As soon as the news of the Brexit vote in the UK came out, the Forrester team began revising our UK and European tech market forecast to take into account the economic implications and uncertainties of the voters’decision that the UK should leave the EU. Based on this revised analysis, we predict the UK tech market will grow by just 1% (pounds sterling) in 2016 with zero growth in 2017, compared with our prior forecast of 5% in both years.
Europe as a whole, will post no growth in 2016 (euros), and just 1% growth in 2017 — two percentage points slower than our earlier forecast. With the plummeting pound and enervated euro, European tech market measured in US dollars will be similarly weak with 0.2% growth in 2016 and 1.1% in 2017.

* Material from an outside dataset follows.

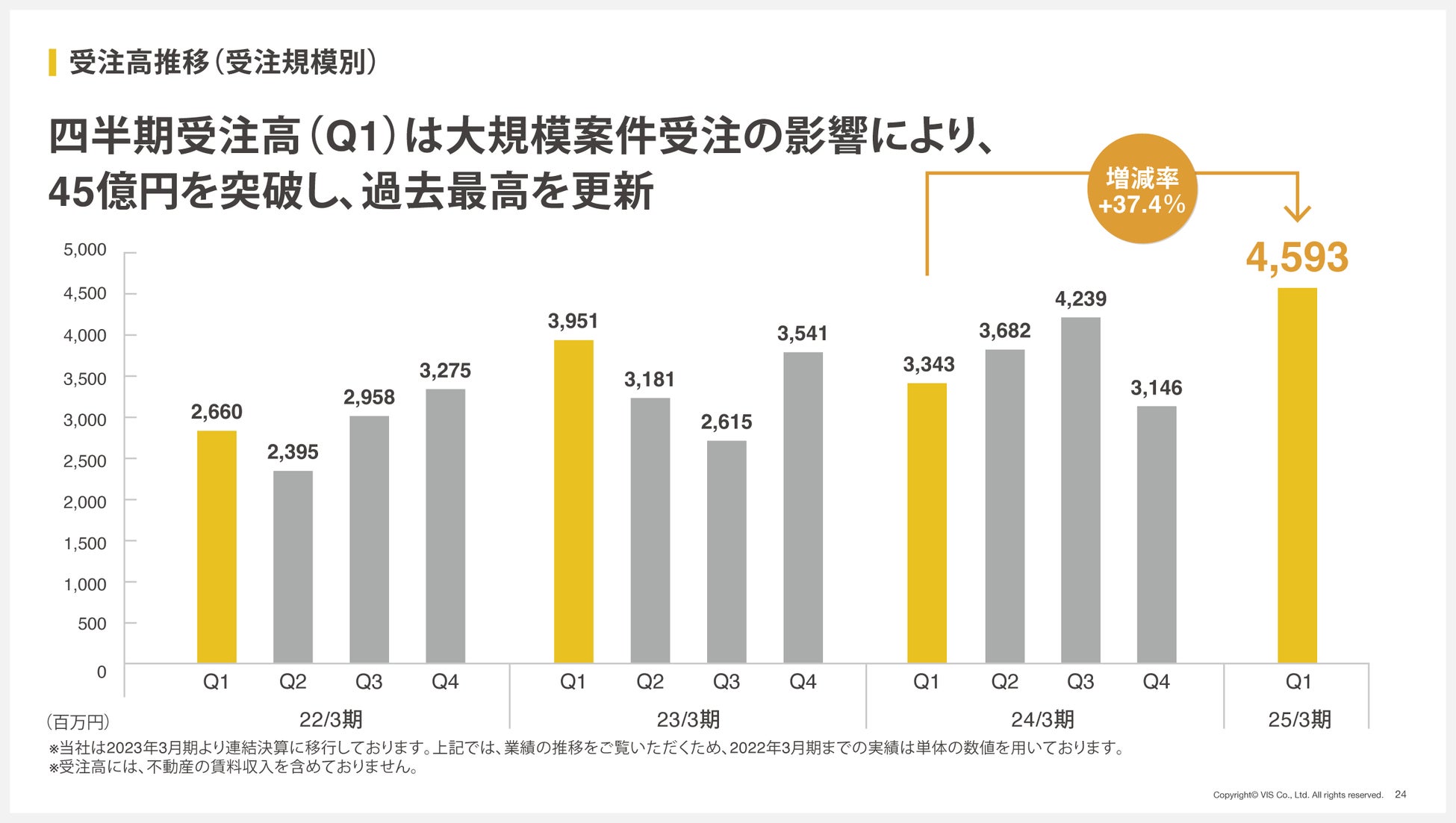 第1四半期の受注高は、大規模案件の受注の影響により、45億円を突破し、過去最高を更新しました。

The slowing of UK and European tech market growth results from multiple uncertainties created by the Brexit vote coming on top of what was already a weak and shaky European economy. As a result:
The UK economy, which had been outperforming most of the Eurozone countries, will take a hit. The Belgian, Dutch, French, German, Italian, and Swiss economies, which are growing by 1-1/2% or less, are vulnerable to declines, with Italy especially exposed due to a looming banking crisis.
Greece and Portugal are struggling once again, with threats of renewed recessions leading to declines in tech spending.
The only countries with decent economic growth and above average tech market growth are Ireland and Spain in the Eurozone, and Sweden, Poland, and other Central European countries outside it.